Brad Boyd, the last Fitzroy captain, is celebrating a big milestone birthday today. He is 50.

Now a very successful real estate agent at Mount Martha, an outer Melbourne suburb on the Mornington Peninsula, and married with two sons, Boyd has been longer out of AFL football than he was in it during  a career savagely disrupted by injury.

It was 16 May 1999 that he played his last game against Richmond at the MCG, collecting 20 possessions and a goal in a 16-point loss in what was Leigh Matthews’ eighth game as Lions coach.

It was also the 200th AFL game of adopted Brisbane favourite Craig Lambert, who reached his double century against his former club, and the 15th game of 322-game club record holder Simon Black.

In his 85th game, Boyd was just 27 when finally he admitted defeat in a career-long battle with injuries.

Fitzroy club champion and a Victorian State of Origin representative in 1995, he is fondly remembered as a 70-game Fitzroy player from 1992-96 who took over the captaincy at 23 and did a wonderful job steering the club through their last two years before the merger.

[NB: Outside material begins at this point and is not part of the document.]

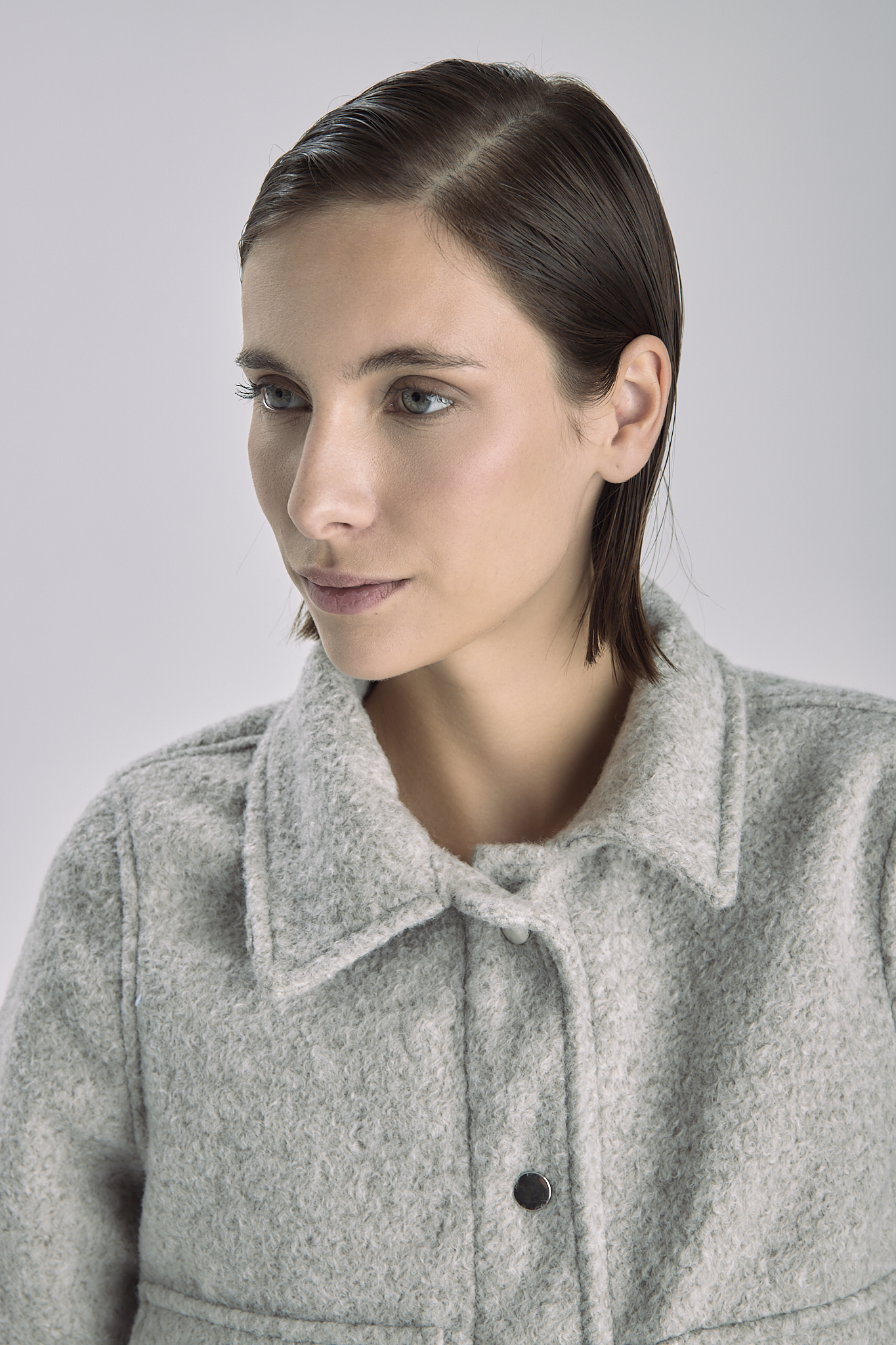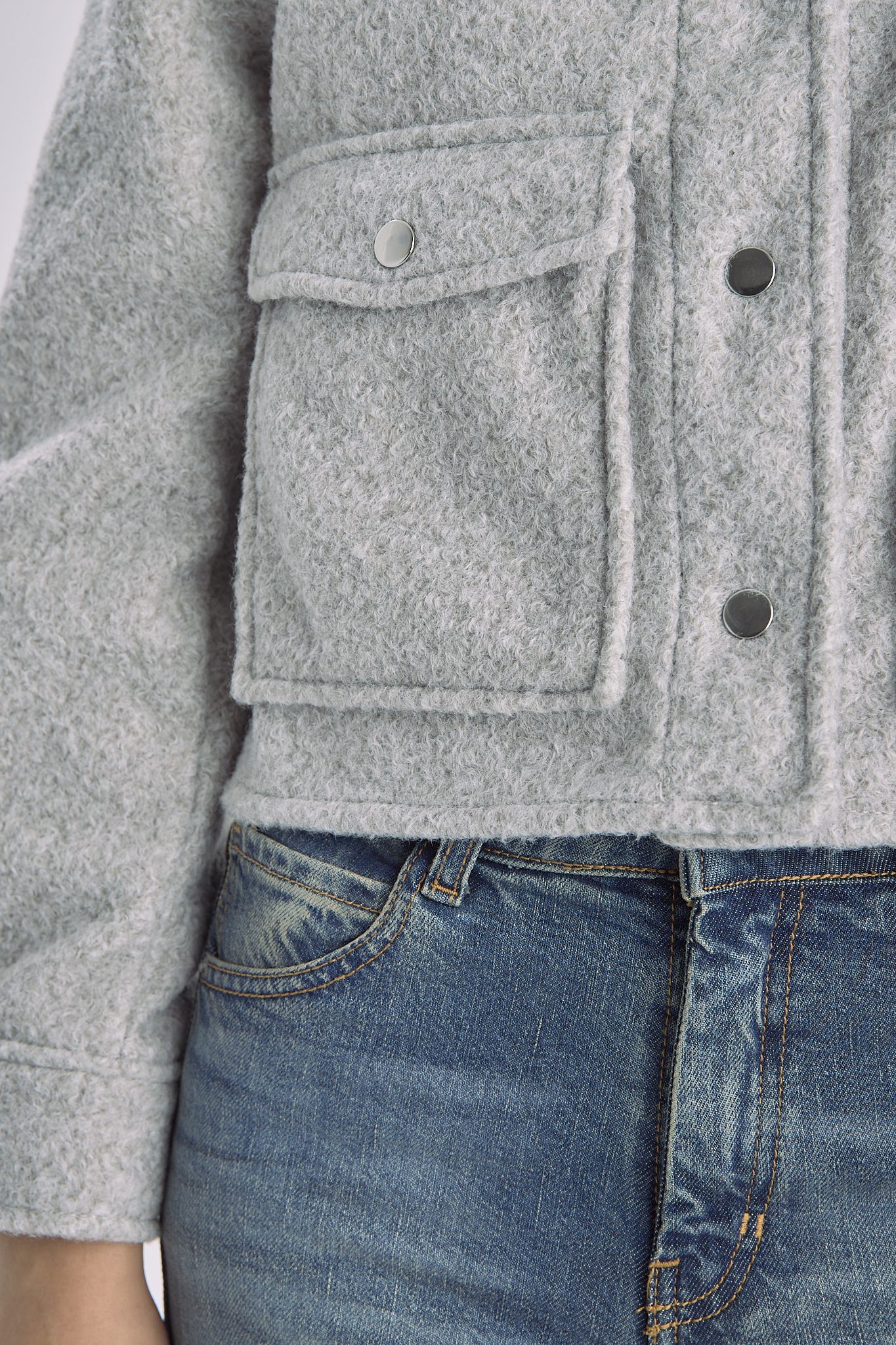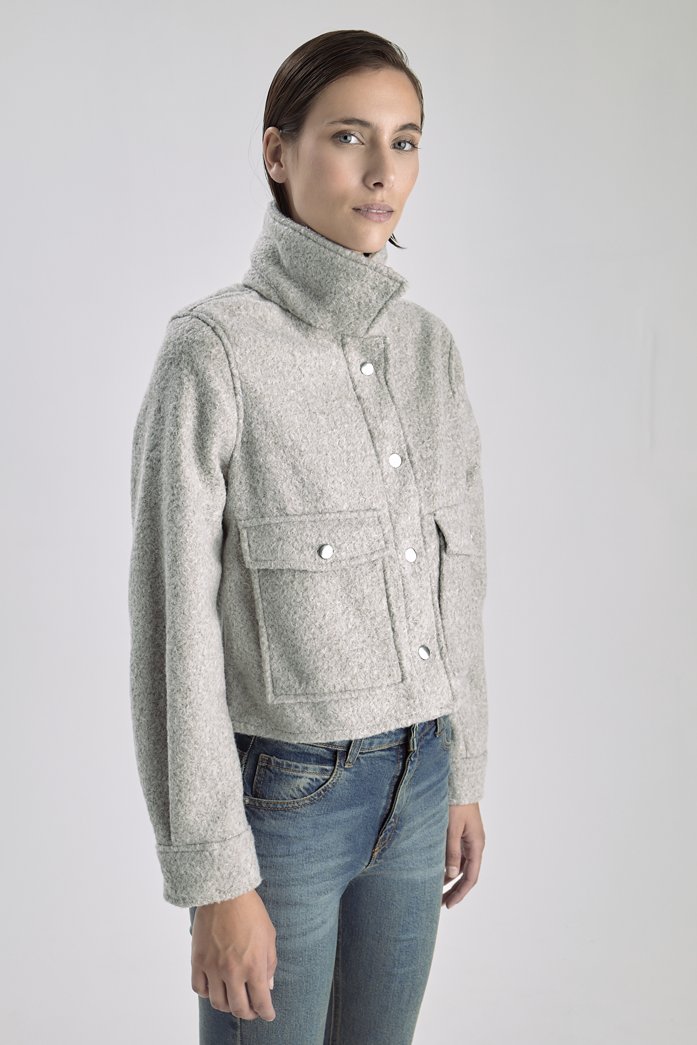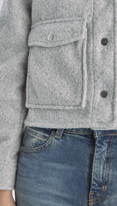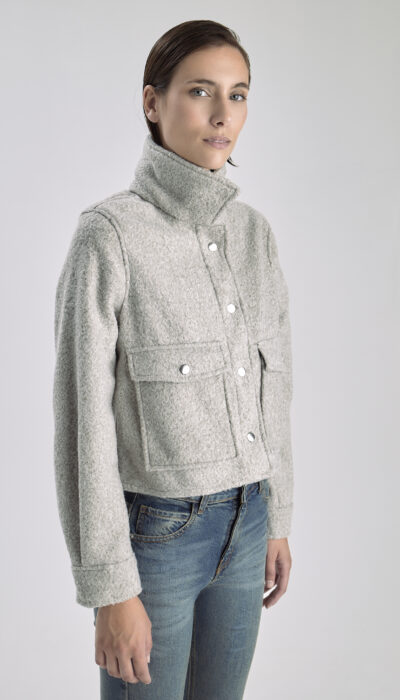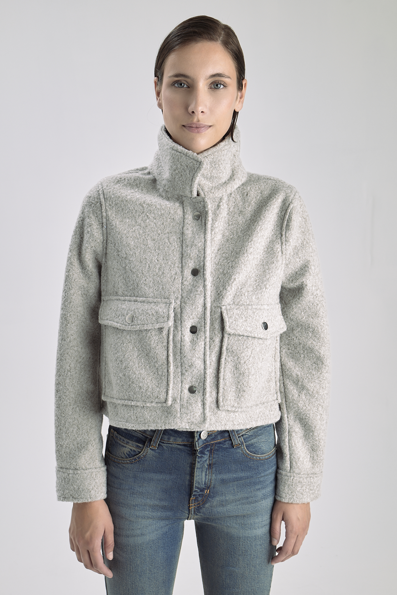 Chaqueta Gris Corta Con Bolsillos Plaque Con Tapa

After Boyd moved to Brisbane via the merger Lions fans desperately hoped the 186cm running utility would have more luck with injuries, but it wasn’t to be.

He played one game in 1997, six games in ’98 and eight games before retirement in 1999.

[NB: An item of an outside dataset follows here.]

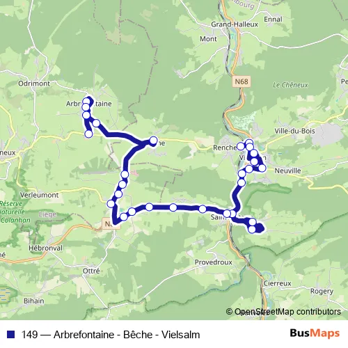The first stop of the 149 bus route is Rencheux Ecole and the last stop is Menil Carrefour. 149 (Arbrefontaine - Bêche - Vielsalm) is operational during op werkdagen.

But Brisbane fans remember vividly a magnificent game coach Matthews’ first game with the Lions against St.Kilda at the Gabba in Round 1 1999.

Skippering the side in the absence of co-captains Michael Voss and Alastair Lynch, Boyd had 29 possessions and kicked four goals out of the centre to pick up three Brownlow Medal votes and pilot an 89-point win.

He played the first eight games of the ’99 season before his body failed him again and he was forced into retirement.

Never one for the spotlight, Boyd’s primary football focus is via his sons these days, but he still keeps a quiet eye on the progress of the Lions.